[Data entries]
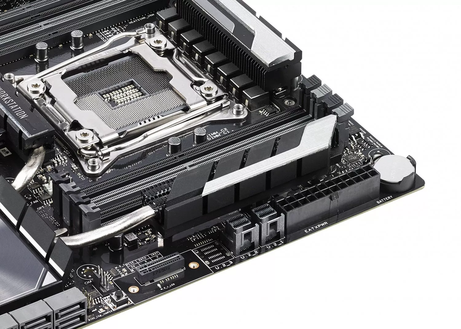 Мощная система питания, необходимая для современных процессоров Intel Core X-серии, требует соответствующего охлаждения, поэтому на компоненты стабилизатора напряжения установлен металлический радиатор со множеством ребер, которые увеличивают общую площадь теплорассеивания. Для еще большей эффективности этот радиатор соединен тепловой трубкой с дополнительным. Таким образом, материнская плата WS X299 Sage готова обеспечить стабильное питание процессора под любыми нагрузками.
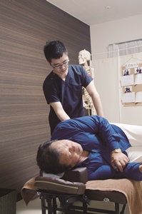 人を笑顔にしたいという一念で、施術を追究してきた。痛みは、痛いと思う箇所に原因がない。では、どこにあるのか日々研究を重ねてきた。1年前には、痛みの根本原因となる部位を、正確に突き止める検査法に出会い、さらに腕を磨いた。院内には、改善を喜ぶお客さまの声が掲げてある。施術の手に、キリリと咲く青い花が見えるようだ。
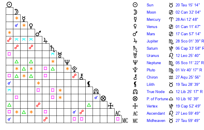 | Mercury | 28 Aries 13 | 2 Taurus 3 | 17 Leo 51 |
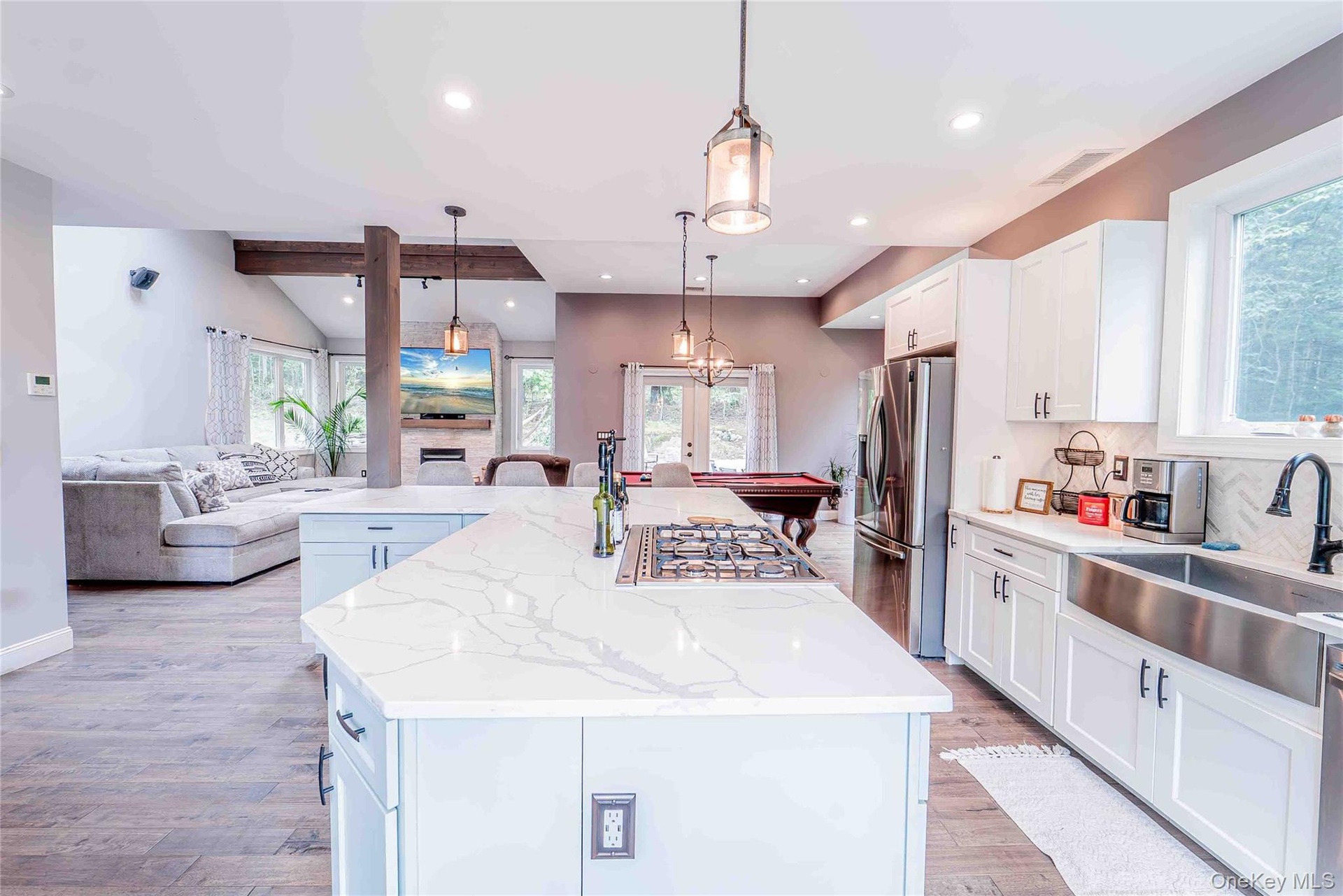 - Kitchen with stainless steel appliances, open floor plan, a fireplace, white cabinets, and light stone counters
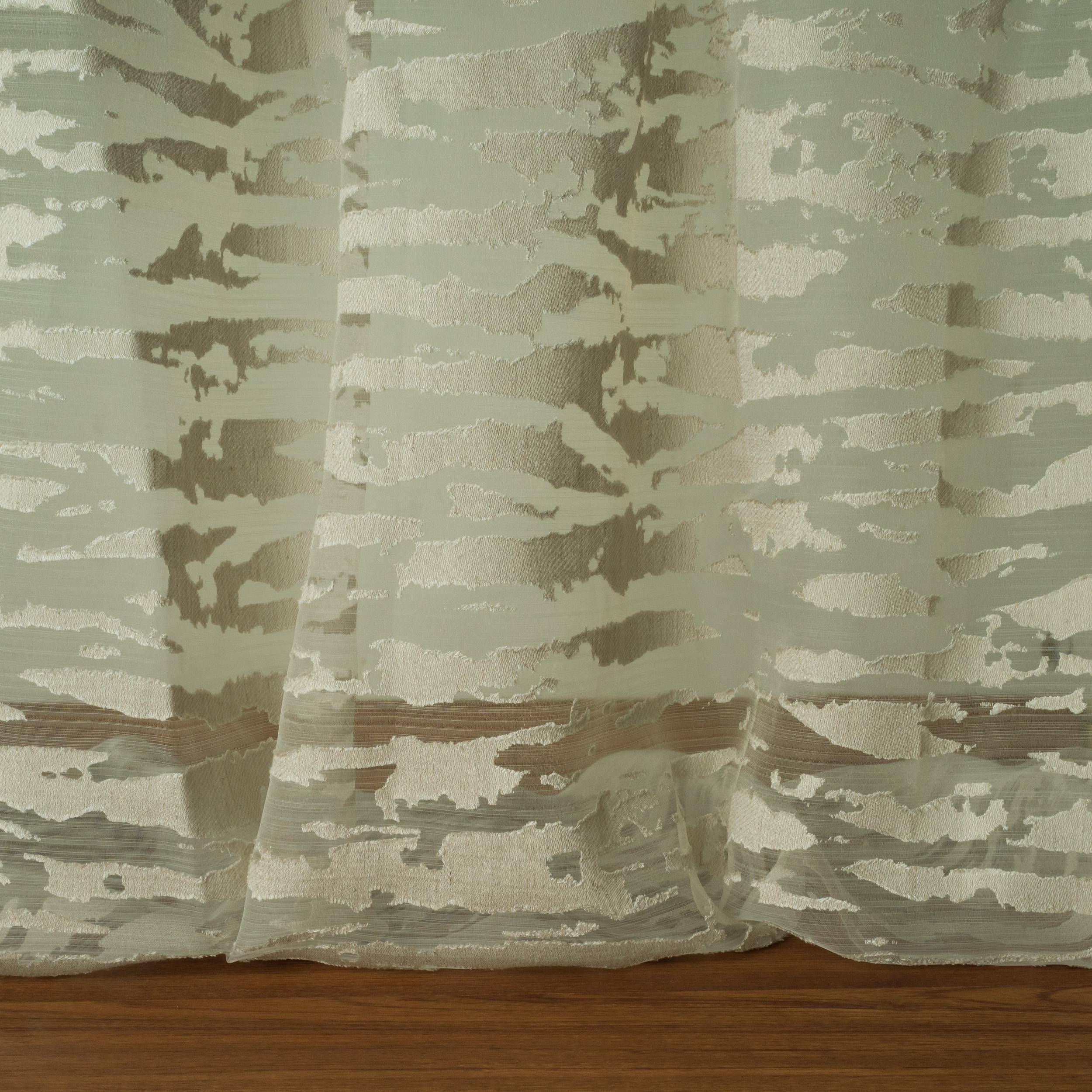 LANDSCAPE ist ein großflächiger Vorhangstoff aus einer Viskose-Leinenmischung, der eine abstrahierte Landschaft zeigt. Der Ausbrenner zeichnet sich durch ein organisch aufgelöstes Streifen-Muster aus, in der sich dichte und transparente Bereiche abwechseln. Im transparenten Bereich entsteht aufgrund der speziellen Kette, bei der die Fäden unregelmäßig angeordnet sind, eine feine horizontale Streifen-Optik. LANDSCAPE ist in fünf Farbvarianten erhältlich: zwei klassische Naturtöne sowie drei moderne Farbstellungen mit spannenden Farbkontrasten.

Work instruction: Please return only the lines from the top of the data through the line with "人を笑顔にしたいという一念で", exactly as written, and drop every picture.

Your solution:
 Мощная система питания, необходимая для современных процессоров Intel Core X-серии, требует соответствующего охлаждения, поэтому на компоненты стабилизатора напряжения установлен металлический радиатор со множеством ребер, которые увеличивают общую площадь теплорассеивания. Для еще большей эффективности этот радиатор соединен тепловой трубкой с дополнительным. Таким образом, материнская плата WS X299 Sage готова обеспечить стабильное питание процессора под любыми нагрузками.
 人を笑顔にしたいという一念で、施術を追究してきた。痛みは、痛いと思う箇所に原因がない。では、どこにあるのか日々研究を重ねてきた。1年前には、痛みの根本原因となる部位を、正確に突き止める検査法に出会い、さらに腕を磨いた。院内には、改善を喜ぶお客さまの声が掲げてある。施術の手に、キリリと咲く青い花が見えるようだ。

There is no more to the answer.